А Инга? Она была столь же ревностная коммунистка, как Гауптман. Готовая пожертвовать собой ради партии и революции. Гауптман еще мог говорить о партии достаточно вольно, а она — никогда.
С ними мы, мои приятели и я, ходили на всякие публичные сборища, где ораторы излагали факты, обучали, обличали, повергали в прах, выдвигали требования и выносили приговоры, как то диктовала злоба дня. Я любил разглядывать толпу, растворяться в ней. Любил доверчивый и собранный вид представителей этих «масс», мне нравился их обычай внимать, подняв кулак вверх, заповедям коммунистического толка. Мне импонировали чувства братства, общности судьбы, которые они испытывали. Одним словом, я им завидовал.
Иногда я спрашивал Ингу, а не вступить ли и мне в партию? Она пока не советовала. Подожди, говорила она. Ты еще не созрел. Я интересовался, сколько же ждать? Еще не время, решительно отрезала она. А когда Инга упрямилась, возражать было бессмысленно.
Быть может, она не ошибалась? Я все еще чувствовал живую связь с родителями, с Льяновом. Я отошел от обрядов религии предков, но мне их не хватало. Случалось, по субботам я напевал какой-нибудь хасидский мотив, а под вечер вспоминал ту или иную старую притчу. По утрам я нередко обращался к кому-нибудь из персонажей святых книг, делясь с ним моими заботами или охватившей меня растерянностью. И от Инги это не укрылось.

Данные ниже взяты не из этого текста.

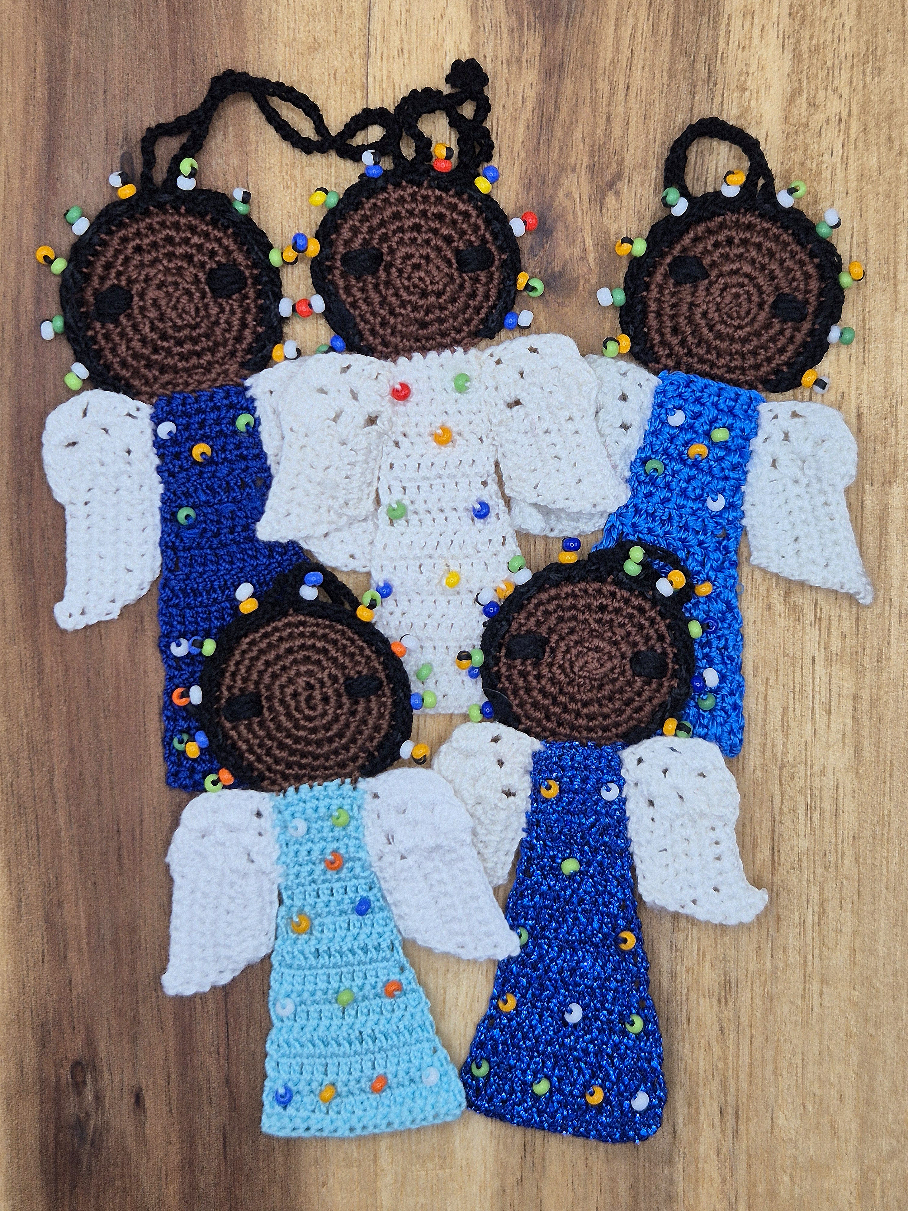 Die Perlen, mit denen die Engel geschmückt werden, sind sogenannte „Maasai-beads“, also Perlen, die auch die Maasai verwenden, um ihren traditionellen Schmuck herzustellen. Diese Perlen kaufen wir in Mombasa und jede neue Farbkombination von Perlen auf den Engeln wird von Christine Rottland eigens zusammengestellt.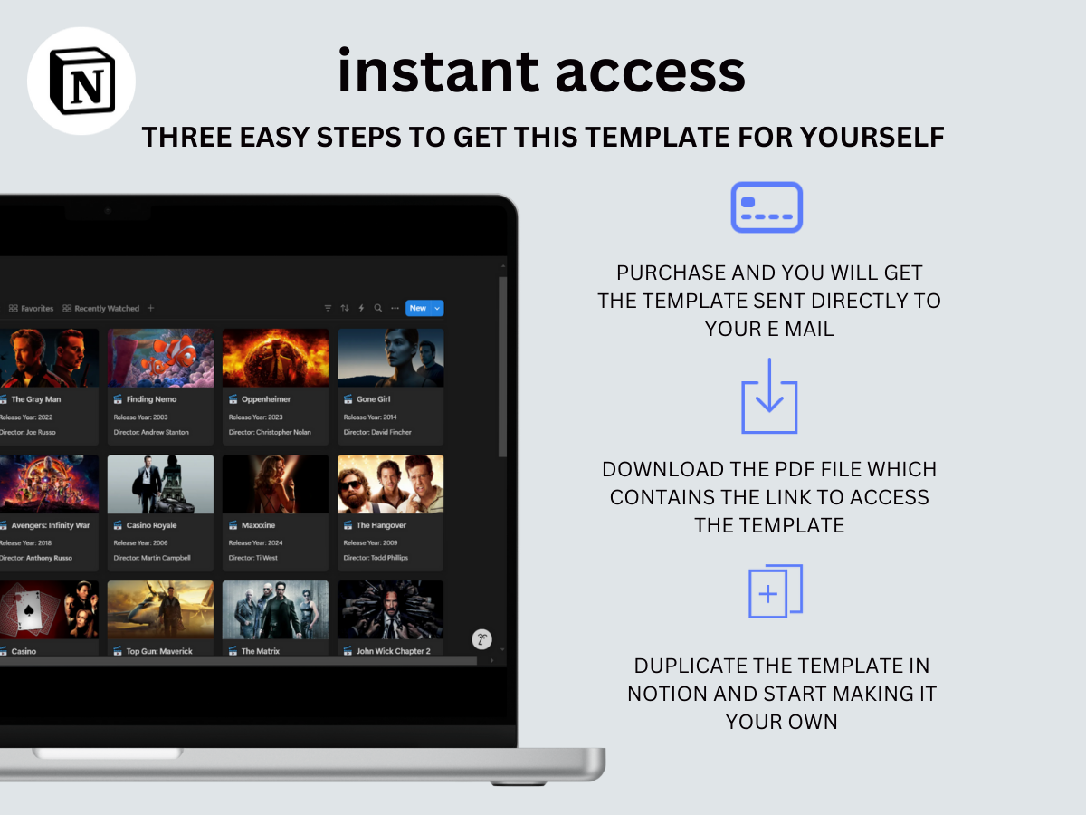This is a DIGITAL DOWNLOAD listing. No physical product will be sent to you. After your purchase is confirmed, you will receive a PDF document with a download link that will load the Notion template, then you need to click on the “Duplicate” tab in the top right-hand corner of the screen to add the template to your Notion account.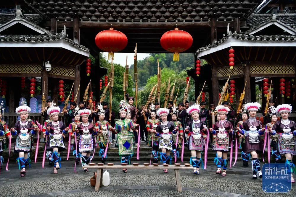 ↑ 侗族群众在肇兴侗寨为来宾举办寨门迎宾仪式(3月23日摄)。新华社记者 杨文斌 摄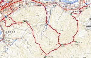 1.御前山(730m)、菊花山(644m)、時間3:20、距離5.2km、上り626m、下り597、中級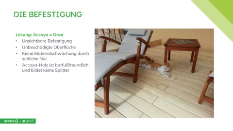 Die Befestigung Lösung: Accoya x Grad • Unsichtbare Befestigung • Unbeschädigte Oberfläche • Keine Materialschwächung durch seitliche Nut • Accoya-Holz ist barfußfreundlich und bildet keine Splitter

Внешне я жил как коммунист, но только внешне. Инга мне об этом часто напоминала.
— Ты — не настоящий коммунист, то есть еще не вполне.
— Это чистая правда. Я слишком много думал о Мессии. Некоторые его ждут. А вот коммунист бежит ему навстречу. Ты помогаешь мне бежать.
От таких слов она выходила из себя. Для нее Мессия был чем-то вроде раввина, а раввинов она презирала почти так же, как кюре.
— Вот видишь, — нервно вскидывалась она, — ты еще не готов.